The World is a Stage
Yamada sees the world as her stage and her life as a host of performances. Rather than simply dancing on actual stages, however, she dances anywhere. She has traveled the world for her work, and in each place, she dances wherever she can.
“You can build a stage,” she says, “but I want to dance in places we can’t make — in organic surroundings.” This can range from a field or forest to a street or train full of people. She shows us a video of herself dancing with children in a street in Switzerland, getting them all to try her form of bodily expression. The children are laughing, fully engaged and attempting to copy her every move.
Contrast this spontaneous open-air scene with another of Yamada’s performances, this one at a formal Coming of Age ceremony in her hometown of Matsumoto, Nagano Prefecture, to which she was invited to perform. She danced around the entire concert hall, passing seated, suited officials and injecting some avant-garde fun into the typically stiff proceedings. After utilizing the entire space, the performance — which went viral — ended with her running down through the audience and away, not to return.
Despite the confidence required to perform in such diverse — and sometimes rigid — situations, Yamada insists that she’s shy. “But,” she explains, “I want to create an environment where everyone can judge for themselves and form their own opinions.”
Culinary Passion
Finding ways to express herself without words is something that characterizes her output, and Yamada has a variety of outlets. After a stint in her dance school’s dormitory, she moved to live with a chef. “I’d always wanted to learn to cook,” she says. “I moved in with them to learn my way around the kitchen.”
It’s clear the experience grounded her, as she shares that even now, the place she feels most comfortable is her kitchen.
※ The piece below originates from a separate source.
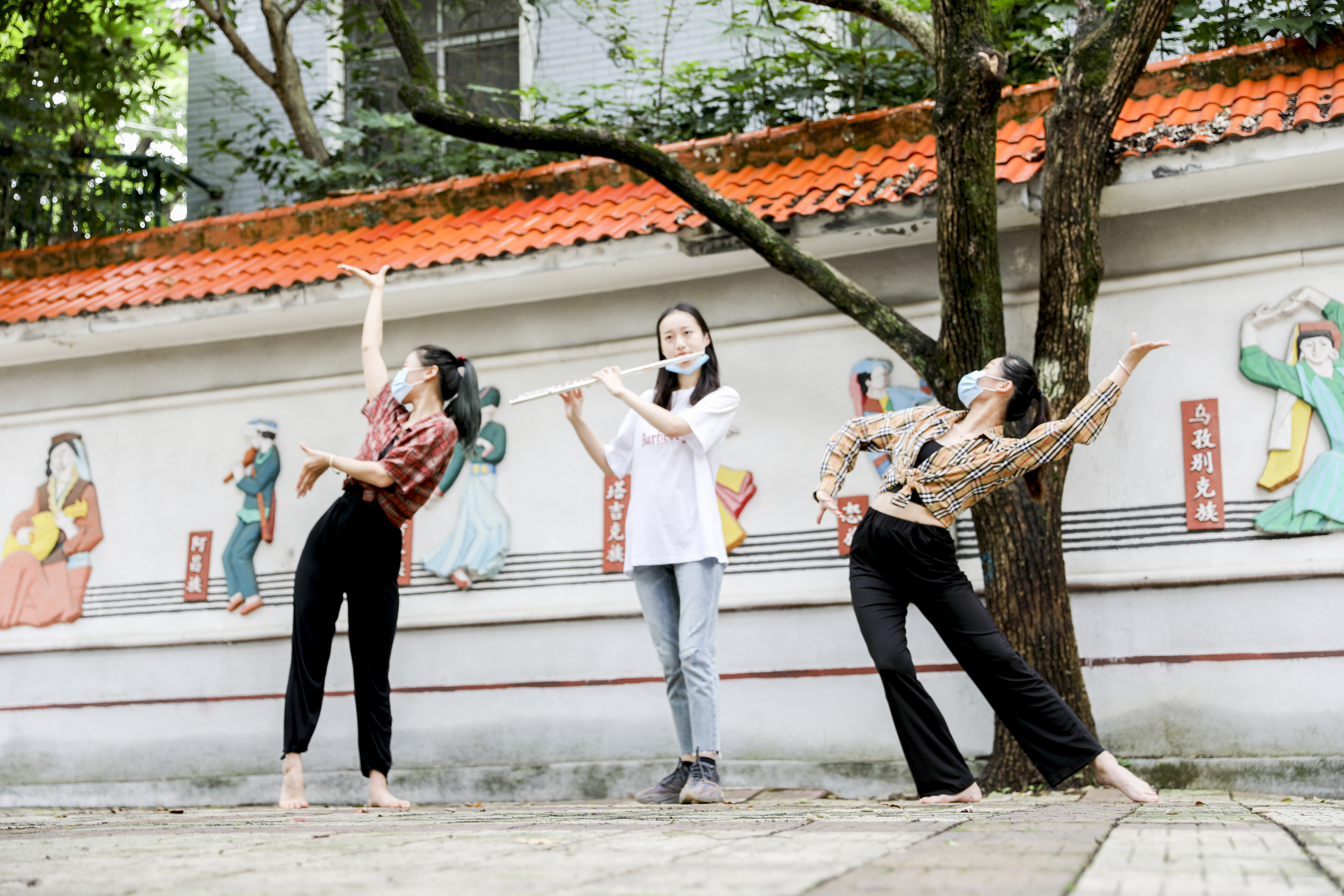 学生在民族墙前练习民族舞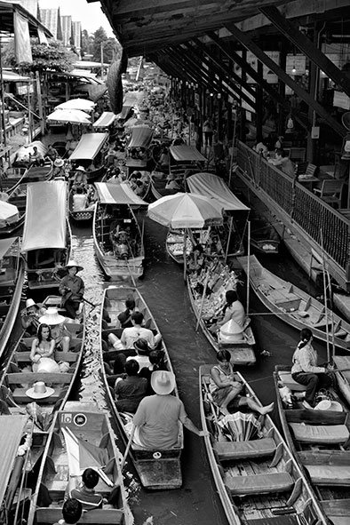 Existen varios mercados flotantes pero o de Damnoen Saduak é o máis famoso e visitado polos turistas; é unha das grandes atraccións do país e, aínda que está masificado de turistas e que perdeu a súa identidade, ao meu xuízo paga a pena visitalo, porque é todo un espectáculo fotográfico; iso si, cómpre ir cedo xa que a primeiras horas da mañá non está tan concorrido.

Her manager urges her to show us the kitchen itself, and she pulls up a video of making nukazuke, a type of fermented vegetable pickled in rice bran. “The chef was an expert in pickling and fermenting,” she says by way of explanation.
Nowadays, her interest in cooking is focused on bento lunches. She sees bento as a form of painting and as a way to express her love for her husband. “Bento box is my canvas,” she says. Food, then, is her palette. And her bento creations have, quite literally, become art, as she began to collage them in 2022. “It felt a waste to have it finished there and then,” she says.
This artistic venture led to a collaboration with popular Japanese fashion brand Enfold — the vegetable-print turtleneck she’s wearing is one of the resulting pieces. “I wanted to wear my bento paintings,” she says, laughing. In fact, she took such a liking to the bento collage that she turned it into another item of clothing on her own. “I found a website where you can custom-print swimsuits,” she says. “So now I can swim with my bento too.”
Favorite Vegetable
Her passion for communication through food doesn’t stop there: Take the aforementioned vegetable dances, which she began as a way to show her grandmother that she was eating properly. “In the end, it wasn’t just my grandmother who was pleased. I got so many messages from different people,” she shares.
With an array of avenues of expression at her fingertips, Yamada aims to be as versatile as a certain workhorse of the root vegetable world, one that she clearly has an affinity for: “It can be used in curry, soup, eaten raw… I’d want to be a carrot.”